- In Zeiten des Umbruchs
Jochen Schmidt legt mit seinem neuen Roman das Tagebuch eines 14-Jährigen vor, der mitten in der Pubertät die geschichtlichen Umbrüche seiner Zeit wie durch einen Schleier wahrnimmt
«Das Leben ist kein Ponyhof», kann man heute auf den Baumwollbeuteln und T-Shirts selbstironischer junger Menschen lesen. So abgeklärt ist Jens im Sommer 1989 noch nicht: Das Leben ist für den 14-jährigen Ich-Erzähler in Jochen Schmidts Roman «Schneckenmühle» ein Betriebs-Ferienlager. Zum vierten und letzten Mal ist Jens jetzt in diesem sächsischen Ort mit dem heimelige Langsamkeit versprechenden Namen. Zwar versteht der Sohn christlicher Diplom-Philologen schmutzige Witze immer noch nicht und hat beim Skat und Fußball irgendwann «den Anschluss verpasst». Aber er gehört endlich zu den Großen und nimmt sich vor, alles irgendwie nützlich Klingende einfach für später zu notieren. Außerdem hat er sich vielleicht verliebt und würde bei der Abschlussparty möglicherweise tanzen, obwohl er das eigentlich nicht kann. Mit Peggy aus Dresden, die er mag, obwohl sie so seltsam ist.
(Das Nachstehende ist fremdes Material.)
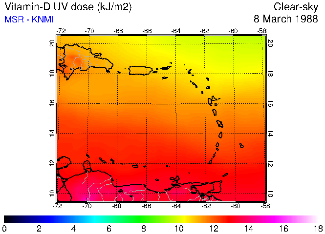 Clear-sky UV index:   erythemal
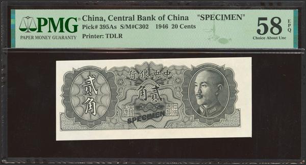 CHINA. 20 Cents. 1946. Central Bank of China. Specimen. (Pick: 395As, SM: C302). PMG58EPQ.

Doch die Kette gleichförmig durch die Sommerhitze kriechender Tage reißt abrupt, als seine Eltern am letzten Morgen auftauchen, um Jens nach Ungarn mitzunehmen, was äußerst ungewöhnlich ist. Für die erste Rast kündigen sie ihm eine wichtige Erklärung an. Ob sie sich wohl scheiden lassen wollen, überlegt der verstörte Sohn auf der Rückbank. Und Peggy hat er nicht mal nach ihrem Nachnamen gefragt.
Was das kontinentweite politische Großbeben um ihn herum angeht, ist Jens unbedarft. Veränderungen hat er schon misstrauisch beobachtet, wenn sie sich als kleine Verwerfungen im DDR-Alltag zeigten: «Neuerdings gibt es immer mehr Sachen mit Maracuja-Geschmack, da überlege ich noch, was das bedeutet.» Dass er sein Leben in einer Art Blase führt, ist aber nicht nur system-, sondern auch alterstypisch. Vom heutigen Lesebühnenveteranen Jochen Schmidt zum Romanprinzip erhoben, sorgt der pubertäre Mangel an Überblick dafür, dass einem versponnene Ideen, halbverdauter Schulstoff, urbane Legenden, jede Menge Sprüche und Zoten, aber auch treffende Pointen beim Lesen wie Schrotkugeln um die Ohren fliegen. In dieser Zusammenstellung ergibt Schneckenmühle eine ähnlich skurrile, aber unterhaltsame «Zeitkapsel» wie jene, für die Jens’ Gruppe «eine ausgewaschene Papptonne von der Vierfruchtmarmelade» mit Alltagszeugnissen gefüllt und samt einem Schild «Erst im Kommunismus öffnen!» vergraben hat.
Manchmal juckt es einen in den Fingern, Jens in Lehrerrot «Nicht abschweifen!» an den Rand zu schreiben, zum Beispiel bei einem Erlebnisbericht aus dem Sportunterricht. Andererseits verdient er auch oft genug ein «Sehr schön beobachtet!», wenn er etwa bei einem Ausflug die pichelnde Oma vor dem Konsum entdeckt: «Mit der linken Hand, in der sie eine alte Handtasche aus Kunstleder hält, stützt sie sich gegen das Fensterbrett, mit der rechten schlägt sie einer Minischnapsflasche an der Betonkante den Hals ab und trinkt die Flasche aus.» Oder wenn er sich selbst analysiert: Es könnte ihm wichtig sein, stellt er einmal fest, «dass immer möglichst viel Zeit bleibt, bis die Zukunft beginnt». In der ist er nun angekommen.
Jochen Schmidt
Schneckenmühle. Roman
C. H. Beck, München 2013, 220 S., 17,95 €.